As they look to consolidate to ‘smart’ systems, companies in pharmaceuticals and MedTech are struggling with organisation, when it comes to setting prices and using data. Part of the solution should be putting data and AI to use more effectively, according to addresses from Fernando Ventureira, CEO of consulting firm Stratence Partners.
At the Evidence, Pricing and Access conference held in Amsterdam recently, industry leaders gathered to address a growing crisis in the pharmaceutical and medical technology sectors. Stratence CEO Fernando Ventureira delivered a series of presentations outlining how these companies can survive an era of extreme commercial pressure.
The core message was simple. The days of handling pricing and technology as separate, isolated tasks are over. To remain profitable, organisations must merge their financial strategies with advanced data tools to create a single, unified system for making decisions. This reflects not only a pricing or technology shift, but the need for a unified commercial transformation approach.
The pricing waterfall
One of the most significant hurdles facing healthcare companies today is the gap between the list prices and net prices of products.
This discrepancy, which Ventureira calls the “pricing waterfall,” is caused by a maze of discounts, rebates, and complex negotiations with healthcare providers. This is not only a transparency issue, but a structural governance and control challenge across the commercial model.
Many organisations do not realise they are losing money until after a deal is signed. Ventureira argues that companies must achieve total transparency across every stage of a transaction. By understanding exactly how much each discount impacts the bottom line, executives can stop merely reacting to losses and start protecting their margins before a contract is even finalised.
“Organisations must understand how each component – list price, discounts, rebates, incentives, cost‑to‑serve, and contractual conditions – impacts the final net revenue,” notes Ventureira.
“Without this visibility, commercial negotiations often happen in isolation, with limited understanding of the cumulative economic impact. When properly structured, Gross‑to‑Net analysis becomes a strategic capability that reveals where margin is lost, where pricing power exists, and which levers can sustainably improve profitability.”
Data and the role of AI
The conversation also touched on the role of technology in modern business. While many firms have invested heavily in digital tools, much of that information remains trapped in different departments.

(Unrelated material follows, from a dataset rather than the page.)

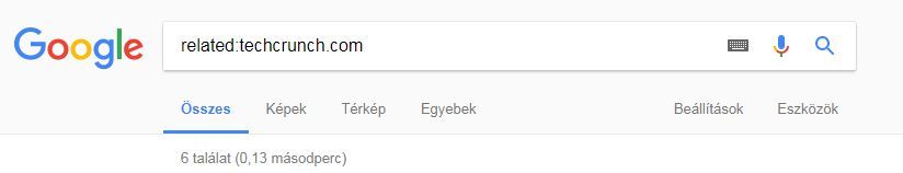 Ha már megtalált egy keresett oldal, kereshet hasonló tartalmú oldalakat is ha a related: paramétert használja. A Google így összehasonlítja a keresési eredmények tartalmát a referencia oldallal és hasonlóságuk, kapcsolódásuk alapján rangsorolja azokat Önnek.
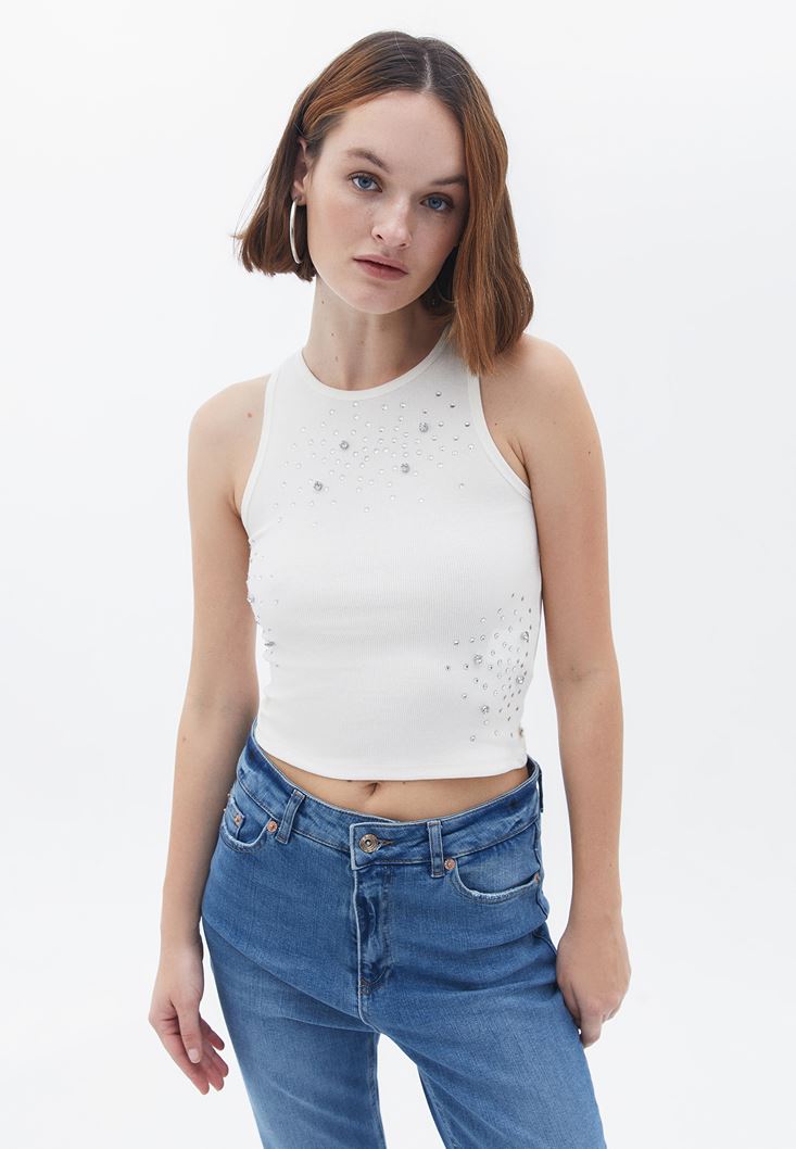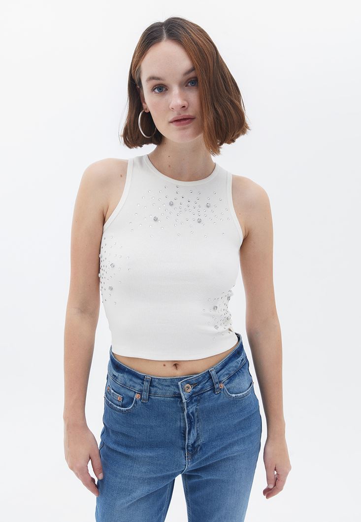 • Bayan Krem Halter Yaka Crop Atlet

Sales teams, legal experts, and financial analysts often work with fragmented data that does not provide a clear picture of the market. The solution is to move away from using technology merely for reporting and instead using it more actively for strategy. The objective is to embed data and systems into decision-making processes, not treat them as standalone tools.
By integrating AI into the daily rhythm of the business, companies can move from guessing to knowing. Instead of looking at static charts, leaders can run simulations to see how a new competitor or a change in government regulations might affect their success.
“While data and analytics have long been present in pharmaceutical organisations, the challenge is rarely technology itself. The real challenge is transforming fragmented data into structured decision confidence,” clarifies Ventureira.
In this model, AI is a powerful tool for decision-making across different domains. It allows companies to make quicker and more reliable decisions. In this context, AI should be understood as an embedded capability within commercial systems, supporting pricing governance and execution discipline.
“AI creates value only when it is integrated into strategic, pricing, access, and execution decisions. When properly embedded, AI can support executive teams in several critical areas,” adds Ventureira.
When a company prepares to launch a new drug or bid on a massive hospital contract, for example, there are so many variables that it is very difficult to manually take everything into consideration. AI allows these teams to forecast outcomes with much higher accuracy.
Whether it is predicting how a patent expiry will affect a portfolio or determining which global markets should receive priority for a new product launch, these tools provide the speed and reliability necessary to compete in 2026.
A unified path forward
The ultimate takeaway for the pharmaceutical and MedTech sectors is that commercial success no longer hinges on a ‘single clever tactic’. It requires a complete transformation of how a company operates. That requires a structured, commercial transformation; aligning strategy, pricing, and execution within a single operating framework.
When strategy, pricing, and execution are aligned through a shared digital foundation, complexity stops being a burden and becomes a competitive advantage. This integrated approach ensures that every decision, from the smallest discount to a multi-year global strategy, is backed by clear logic. For companies willing to break down the walls between their departments, the rewards are increased stability and sustainable growth in a challenging global market.
This call to action comes as the healthcare industry has been struggling through a difficult macroeconomic situation in recent years. Inflation has made raw materials and energy more expensive, yet healthcare firms cannot easily raise prices due to fixed government contracts and reimbursement limits. This has led to a squeeze on profit margins that is somewhat unique to these industries.
Geopolitical instability and shifting trade alliances have further exposed the fragility of global supply chains. To mitigate risk, many companies invested in so-called ‘friend-shoring’ or ‘near-shoring’ production. While these moves improve security, they require massive capital and lead to higher long-term operational costs.
There are also now more difficulties with regulations and stricter intellectual property controls. Combined with high interest rates that make R&D more expensive, the sector is in a state of constant crisis. Success now requires more than medical innovation; it demands sophisticated economic forecasting and the ability to pivot commercial operations instantly.